Representative module maps#

The primary QC20 module is a spatially autocorrelated S5/DCIS module anchored by NIBAN1 and SORL1.

Full QC20 S5 NIBAN1/SORL1 module

The RNA-only and no-coordinate controls retain the same S5/DCIS module pattern. This argues that the primary module is carried by expression structure rather than direct slide coordinates.

RNA-only S5 NIBAN1/SORL1/EFHD1 module

No-coordinate S5 NIBAN1/SORL1 module

The spatial-only run is predictive, but its leading module is driven by luminal-like amorphous DCIS composition across the whole contour, inner rim, and core. It should be interpreted as contour context rather than an independent RNA program.

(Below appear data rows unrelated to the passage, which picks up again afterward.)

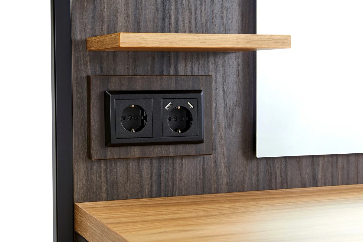 Le meuble se distingue par sa combinaison de bois sombre et de détails en teintes claires, offrant un contraste à la fois moderne et accueillant. Le grand miroir est complété par des étagères fournissant un espace pratique pour les produits et les décorations, tandis que le tiroir intégré assure que les outils essentiels soient en sécurité et à portée de main.
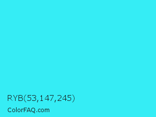 RYB 53,147,245 Color is a normal cyan color and the nearest color is Loeen #15f2fd. Hex code #35edf5 and RGB value is rgb(53,237,245). In RGB color space, this color is composed of 21% red, 93% green, 96% blue, In CMYK color space, this color is composed of 78% cyan, 3% magenta, 0% yellow , 4% black , In HSL color space, this color has a hue angle of 183° , 91% saturation and 58% lightness.
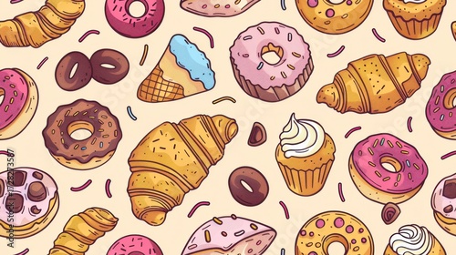 Delightful and Delicious Pattern of Assorted Doughnuts, Croissants, and Cupcakes
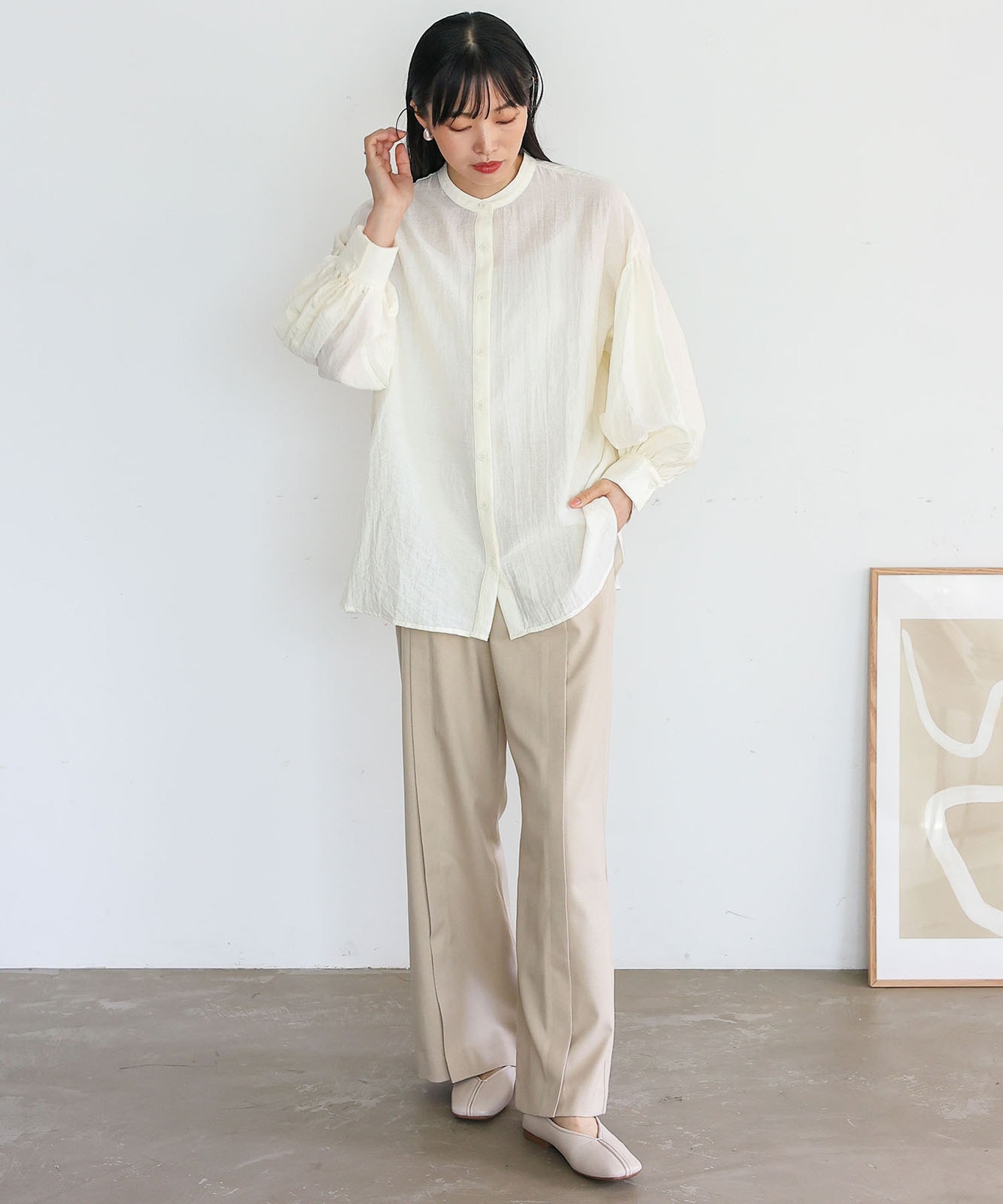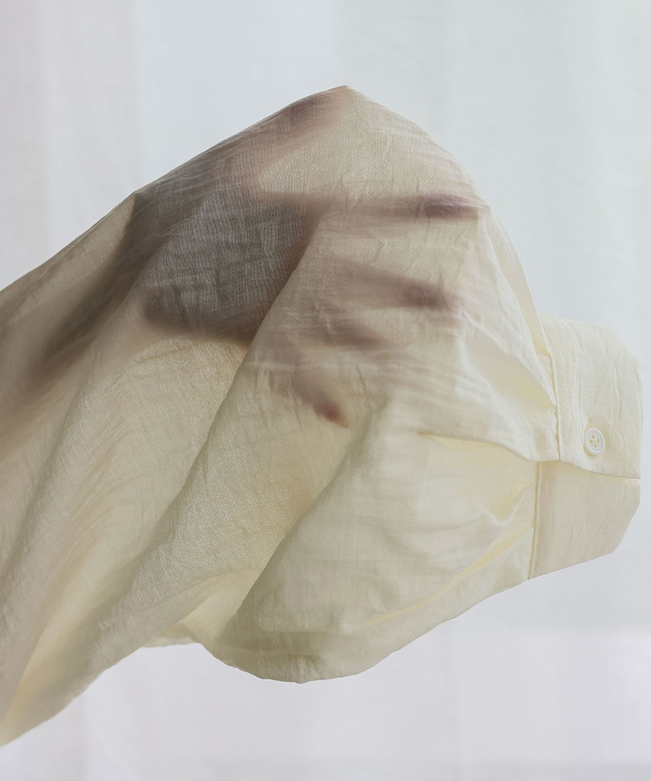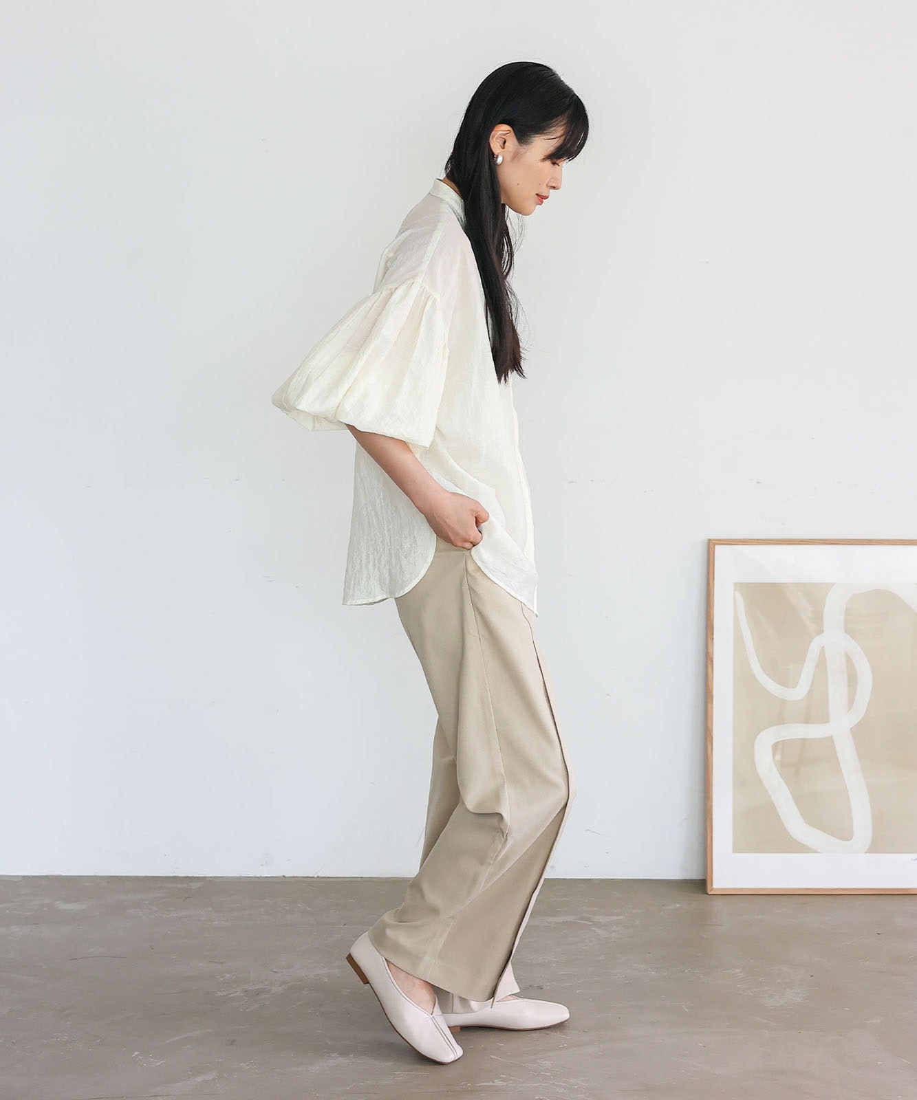 ナチュラルなシワ加工が施された、程よいシアー感のある素材が、軽やかで女性らしい印象に。
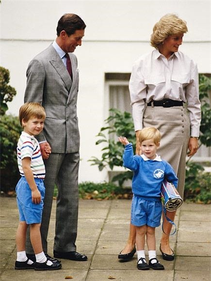Hoàng tử William vui vẻ nắm tay cha mình là Thái tử Charles trườngWetherby trong ngày đầu tiên tới trường của em trai, Hoàng tử Harry

Spatial-only S5 DCIS composition module

The top1000 sensitivity keeps the same S5/DCIS axis and adds EFHD1 as an expanded RNA-budget anchor.

Top1000 S5 SORL1/NIBAN1/EFHD1 module

The all-nonempty sensitivity changes the sparse model: when contours with at least one cell are allowed, the module shifts toward S1 11q13 invasive tumor composition. This is a QC sensitivity warning and does not replace the QC20 primary model.

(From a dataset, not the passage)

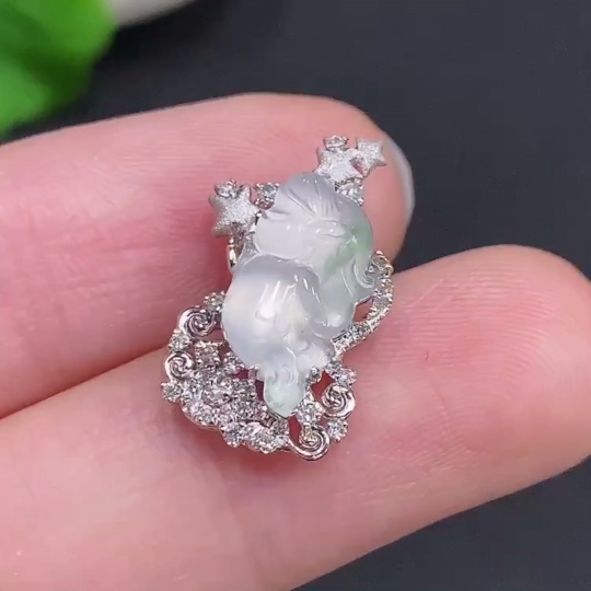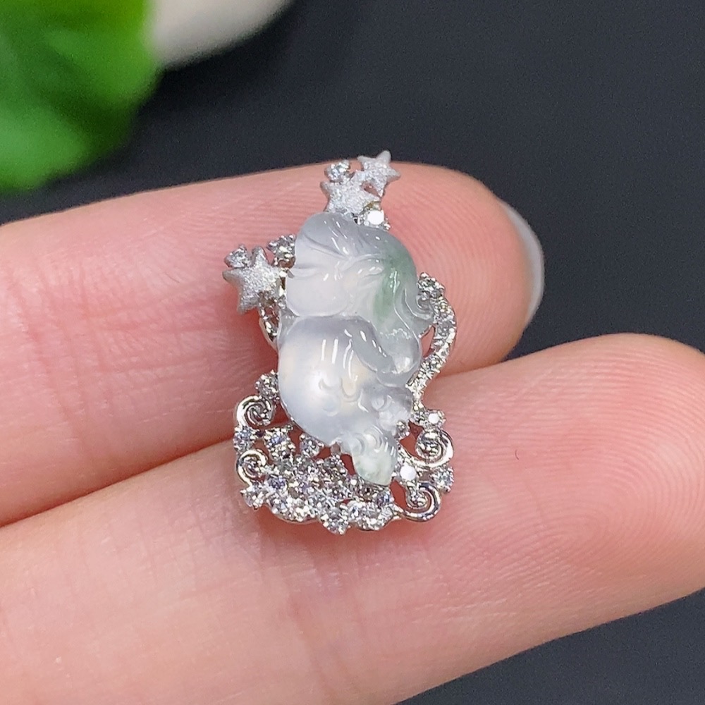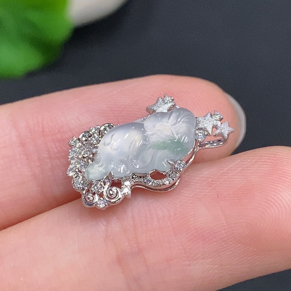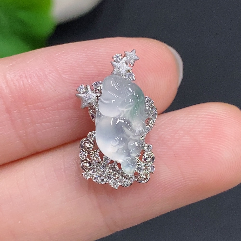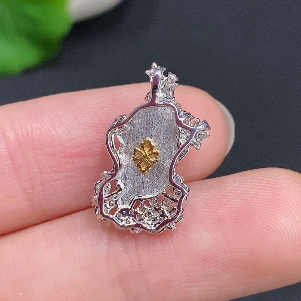 Jadeite Angel Pendant with 18K Gold and Diamond Accents, Total Weight Approx. 1.5g

All-nonempty S1 11q13 composition module

Biological interpretation#

The release-level interpretation is that the QC20 S1 invasive tumor/CAF versus S5 apocrine-luminal DCIS contrast is primarily an S5/DCIS RNA expression module anchored by NIBAN1 and SORL1. The module survives both RNA-only and no-coordinate validation, so it is not explained away by direct coordinate features or by the spatial feature block.

The spatial-only result is informative but different: it recovers a strong luminal-like amorphous DCIS composition module, with no evidence that coordinate features are the main driver. This means spatial contour context predicts the endpoint, but the biological claim should be phrased as endpoint composition and microanatomic context, not as a separate CAF/ECM, vascular, immune, or coordinate artifact.

The expanded top1000 run supports the same S5/DCIS program and introduces EFHD1, consistent with an apocrine/luminal DCIS expression axis. Bootstrap stability remains strongest for NIBAN1 and SORL1 (0.7 and 0.5 selection frequency in the stability stage), with weaker one-off support for CCND1, EFHD1, and several additional genes.

The all-nonempty sensitivity is deliberately not the primary result. It admits 102 contours instead of the QC20 set of 80 and switches the selected module to S1 11q13 invasive tumor composition. That change shows why 0-cell and very low-cell contours should remain excluded from the main GMI fit: they can let composition features dominate the sparse model.

CAF/ECM remodeling, angiogenesis/pericyte, myeloid-vascular context, Notch, IGF/MAPK, Wnt, TGF-beta, CXCL12/CXCR4, and CSF1/CSF1R were not selected as primary module drivers in this WTA breast validation. They remain useful candidate gene-set annotations for larger cohorts, perturbation studies, or multi-region validation.